Question: Are you really going to suggest that in coming to Scripture you do so without biases that affect your conclusions on what counts for evidence?

ME: No, of course I have biases too. I advocate a "faith seeking understanding" model. But I would go insane if I had to continue to hold to various beliefs in the face of overwhelming "naughty data" that didn't fit it. It won't help my PR to mention Bultmann at this point, but there seems to be some truth (to put it in my words) to the idea that we can't rationally use cell phones, lap tops, and believe the Space Shuttle really flies and then arbitrarily reject the micro-reason that has brought these things in some other area of our thinking.

In these thoughts I only speak for myself, not for the Wesleyan Arminian tradition. Wesley's Enlightenment element is probably fair game for inner critique, even if I personally like it.

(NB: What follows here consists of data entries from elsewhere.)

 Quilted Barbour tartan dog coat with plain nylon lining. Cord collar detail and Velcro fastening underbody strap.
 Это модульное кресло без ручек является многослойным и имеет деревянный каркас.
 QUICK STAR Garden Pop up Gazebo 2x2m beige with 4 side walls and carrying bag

P.S. Quite funny isn't it, the Wesleyan argument for cognitive integrity, the Reformed person arguing for the importance of an experiential basis...

7 comments:

Scott D. Hendricks said...

I think it's funny how you sometimes jump right into a post without any introduction of what you're doing . . .

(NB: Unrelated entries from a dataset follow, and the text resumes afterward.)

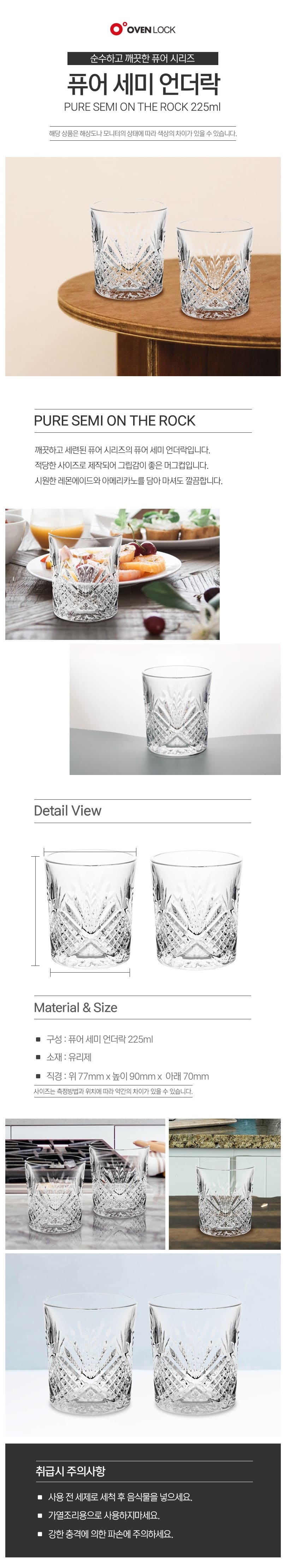 퓨어 세미 언더락 양주잔 위스키잔 물컵 물잔 글라스 225ml
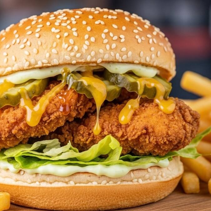 O pão com dois filézinhos de frango crazy, temperados com especiarias, a empanação (técnica secreta) proporciona uma crocância única sem exageros, nossa maionese artesanal trazendo um defumado espetacular, alface picada, molho verde, picles agrioce, finalizado com molho honey mustard. O Acompanha batata frita palito 100g.
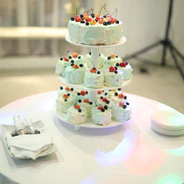 Свадебный торт с мини тортиками ,украшенный сезонными ягодами
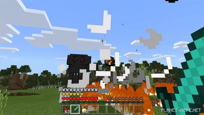 As you approach, it will begin firing fireballs from its mouth. Each fireball inflicts 18 damage points and causes an explosion in MCPE.

. . . but overall nice discussion.

I would still like to know how you answer the question (with regard to hermeneutics): If you can "explain away" a passage of scripture by relegating its relevance to ancient worldviews, then how do you know you are "explaining too much away"?

Perhaps this is my own question. It is somewhat based on a slippery-slope fallacy, and is especially curious as regards a contemporary interpretation of the Christian's understanding of things like "wives, submit to your husbands."

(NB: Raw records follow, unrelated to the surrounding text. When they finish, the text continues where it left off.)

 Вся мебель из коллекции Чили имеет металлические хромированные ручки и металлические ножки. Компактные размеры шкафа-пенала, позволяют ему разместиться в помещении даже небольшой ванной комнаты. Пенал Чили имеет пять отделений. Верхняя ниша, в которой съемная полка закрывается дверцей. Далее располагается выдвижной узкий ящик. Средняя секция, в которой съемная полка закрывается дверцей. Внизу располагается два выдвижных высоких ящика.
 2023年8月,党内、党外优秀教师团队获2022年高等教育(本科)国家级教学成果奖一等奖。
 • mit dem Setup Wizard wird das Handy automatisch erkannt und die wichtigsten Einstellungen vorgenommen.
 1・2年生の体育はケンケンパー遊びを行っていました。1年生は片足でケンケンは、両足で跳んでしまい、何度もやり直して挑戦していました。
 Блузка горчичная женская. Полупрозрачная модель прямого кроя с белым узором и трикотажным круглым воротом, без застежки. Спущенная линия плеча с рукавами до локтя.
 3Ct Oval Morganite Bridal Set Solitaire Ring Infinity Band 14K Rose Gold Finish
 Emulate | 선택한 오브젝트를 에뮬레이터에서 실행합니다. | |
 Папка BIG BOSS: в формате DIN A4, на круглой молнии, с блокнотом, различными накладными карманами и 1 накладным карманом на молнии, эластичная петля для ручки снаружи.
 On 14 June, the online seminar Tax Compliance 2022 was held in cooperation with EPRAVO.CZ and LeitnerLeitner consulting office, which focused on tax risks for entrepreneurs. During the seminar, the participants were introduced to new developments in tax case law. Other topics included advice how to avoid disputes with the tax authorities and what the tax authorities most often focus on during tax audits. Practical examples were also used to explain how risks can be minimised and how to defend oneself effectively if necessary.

Do you retort with something like: "Why don't we all reintroduce the practice of the holy kiss? or baptism in the name of 'Jesus only'? vel cetera?"

The fundamentalist goes nuts, the premodern listens carefully, and the modern and his descendants claim to 'listen insightfully' (or do they explain away?).

Dave said...

Thanks,
This is helpful. Please continue to post on this subject

Ken Schenck said...

Scott, I added an intro.

The expression "explain away" is of course loaded, even though I understand what it is getting at. But it's connotations are of someone trying to get out of following the Bible. To me this is a question of discerning God's will correctly. The Pharisees might have accused Jesus of trying to explain away the sabbath laws or Paul as explaining away the covenant rules on circumcision.

I think the situation is actually the other way around. Almost every word of the Bible (allowing some slack for prophecy) is enculturated (incarnated) in the sense that it made sense against the ancient worldviews of its first audiences. But "cultural" in my sense here need not be pitted against "timeless" in that some aspects of all cultures are common. So the fact that Aristotle and Paul agree on husband headship doesn't necessarily mean that this is not God's desire for all times and places. Maybe Aristotle had it right.

But ultimately I think the "consensus of the church" has, even for orthodox Protestants who deny it) and always is the true arbiter of Christian understanding of the Bible. The NT alone was not able to arbitrate between Athanasius and Arius.

My (well known) positions...

Ken Schenck said...

OAW, great response. Do you mind if I put it up as the main post tomorrow morning. It is extensive enough to warrant its own full identity. I'll leave this one up for today for others to post. Then tomorrow you can be the main show. Then on Monday I'll post a response to your post.

Does that work?

Ken Schenck said...

To discuss this side point:

OAW: "Then you are wrong for not being either Eastern Orthodox or Roman Catholic, and the Reformation was wrong because it broke from the consensus of the Church and the Wesleyans were wrong when they broke away from the Anglicans, and what's more if the Church ever decides that Arius was right you'll be wrong for disagreeing with that if you do."

ME: But I would not identify either the Eastern Orthodox or Roman Catholics as constituting the consensus of the church--this is the universal, "invisible" church to which I refer. And I believe the original meaning of Scripture stands as an important potential corrective to points where the collective church is moving in tangential and unprofitable directions (thus the Protestant Reformation was an important corrective many of whose main points even Roman Catholics have acknowledged over time).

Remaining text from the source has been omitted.